Though none would commit outright to making a run at the work, most of the major partners on the Energy Department’s main liquid-waste cleanup contract at the Savannah River Site signaled interest in bidding on billions of dollars’ worth of follow-on work at the Aiken, S.C. facility.
About a week after DOE released a draft request for proposals for a liquid-waste cleanup contract that, including options, would be worth $6 billion over 10 years, three of the four big partners on incumbent cleanup prime Savannah River Remediation (SRR) said they would be interested in the work.
“AECOM has significant interest in this procurement and is actively reviewing the recently released draft RFP,” a spokesperson wrote in an April 1 email.

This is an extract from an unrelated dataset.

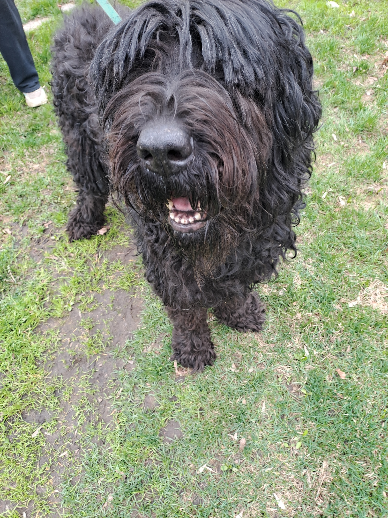 A black, long-haired dog lies on its back in a grassy area. The dog's head is tilted, revealing its teeth. A foot wearing a black shoe is visible in the lower left corner of the image. The grass is pa…read more
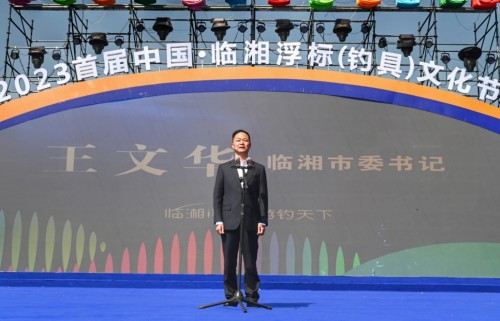 开幕仪式上,李挚宣布2023首届中国临湘浮标钓具文化节开幕。陈阁辉与王文华分别在开幕仪式上致辞。王文华说,近年来,我市打好经济发展主动仗,坚持政府指导、市场化运作思路,坚定不移推进产城产文融合、生产生活生态兼备的浮标产业小镇发展,先后获评“全国休闲渔业示范基地”、“第三批湖湘风情文化旅游小镇”、“省级工业旅游示范点”。目前,浮标小镇形成了以浮标生产为龙头,涵盖钓竿、钓线、钓饵、钓箱、路亚假饵、智能浮标等上下游产品的钓具全系列产品,基本形成了原材料供应,浮标生产、机械制造、油漆美工、包装印刷、电商物流于一体的产业链条。截止2022年底,我市浮标行业市场主体达1400余家,从业人员达3.5万人,浮标产品国内市场占有率超过80%,总产值近50亿元,“临湘的标、威海的杆”享誉全国,产品远销欧美、东南亚等国家和地区。

“BWXT values our long legacy of conducting safe nuclear operations at DOE’s Savannah River Site,” a BWXT spokesperson said Wednesday. “We are reviewing the draft solicitation that was issued last week with interest, and we intend to provide cogent feedback to DOE EM while we continue to evaluate the opportunity.”

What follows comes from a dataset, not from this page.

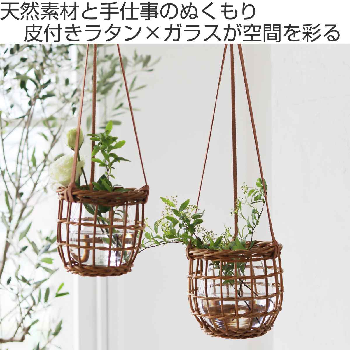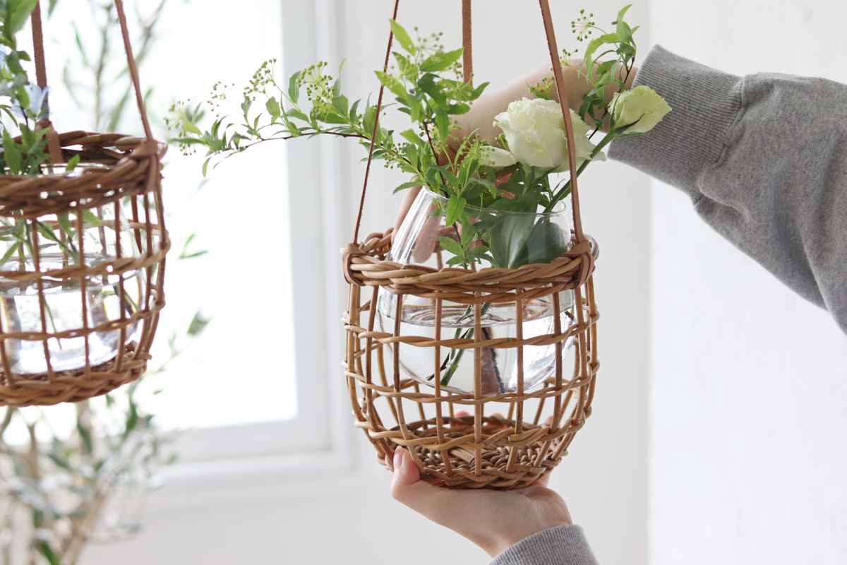 ラタンとガラスの2パーツに分かれているので、フックに吊るしたまま中の容器を取り出せます。ラタンを濡らすことなく水の入れ替えやお手入れが可能です。

“We are carefully evaluating the draft RFP and will continue to participate in the Department’s acquisition process,” a Bechtel National spokesperson said Wednesday. “We have a long and productive history at the Savannah River Site that dates back to design of the Defense Waste Processing Facility, up to our current role with Savannah River Remediation. We look forward to ongoing work at the site and growing our presence in the community.”
The remaining SRR partner, Areva, declined through a spokesperson to comment for this story. Another SRR partner, URS Corp., was acquired by AECOM in 2014. Both companies were part of the original partnership on the contract. Savannah River Remediation won its eight-year, $4.1 billion in 2009; the pact expires on June 30, 2017, and includes a pair of concurrent options DOE has exercised.

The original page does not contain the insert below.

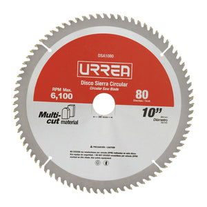 Disco para sierra circular para corte multi-material 80 dientes, 10" Urrea

DOE plans to meet with all interested parties at the Savannah River Site during the week of April 18, and then to release the final request for proposals for the work in May or June, Jack Surash, deputy assistant secretary for acquisition and project management at DOE’s Office of Environmental Management, said in March at the annual Waste Management Symposium.
The eventual winner of the competition will begin work in March 2017, and be responsible for: processing 72 million gallons of salt waste at Savannah River Site’s Salt Waste Processing Facility, including 45 million gallons in the base period; closing nine liquid waste tanks, including six in the base period; and cleaning up 11 tanks’ worth of bulk waste, including nine in the base period. Bulk waste includes sludge from the site’s liquid waste tanks.
DOE currently envisions an eight-year base period and a two-year option period, according to the draft request for proposal.
One thing that figures to affect DOE’s final request for proposal is the fate of the 3H Evaporator that helps make room for more liquid waste at the Savannah River Site’s H-Area Tank Farm. One of the two evaporators operated by SRR, known as 3H, cracked sometime in or prior to February and began leaking waste.
Although the leak has so far not breached acceptable radiation levels in the evaporator building, SRR still has not nailed down a fix for the cracked pot. It could, the company admitted, take years to replace. An SRR spokesman on Wednesday said the company still has not decided whether to repair or replace the hardware.
Replacing the pot would take about two years, which would carry the work into the base period of performance for the follow-on contract DOE plans to put out to bid this year. These evaporator pots boil off water from liquid waste that comes from the H-Area Tank Farm. Boiling off the water clears out space in the tanks, which perpetually fill up with the waste byproducts of ongoing processing of nuclear materials.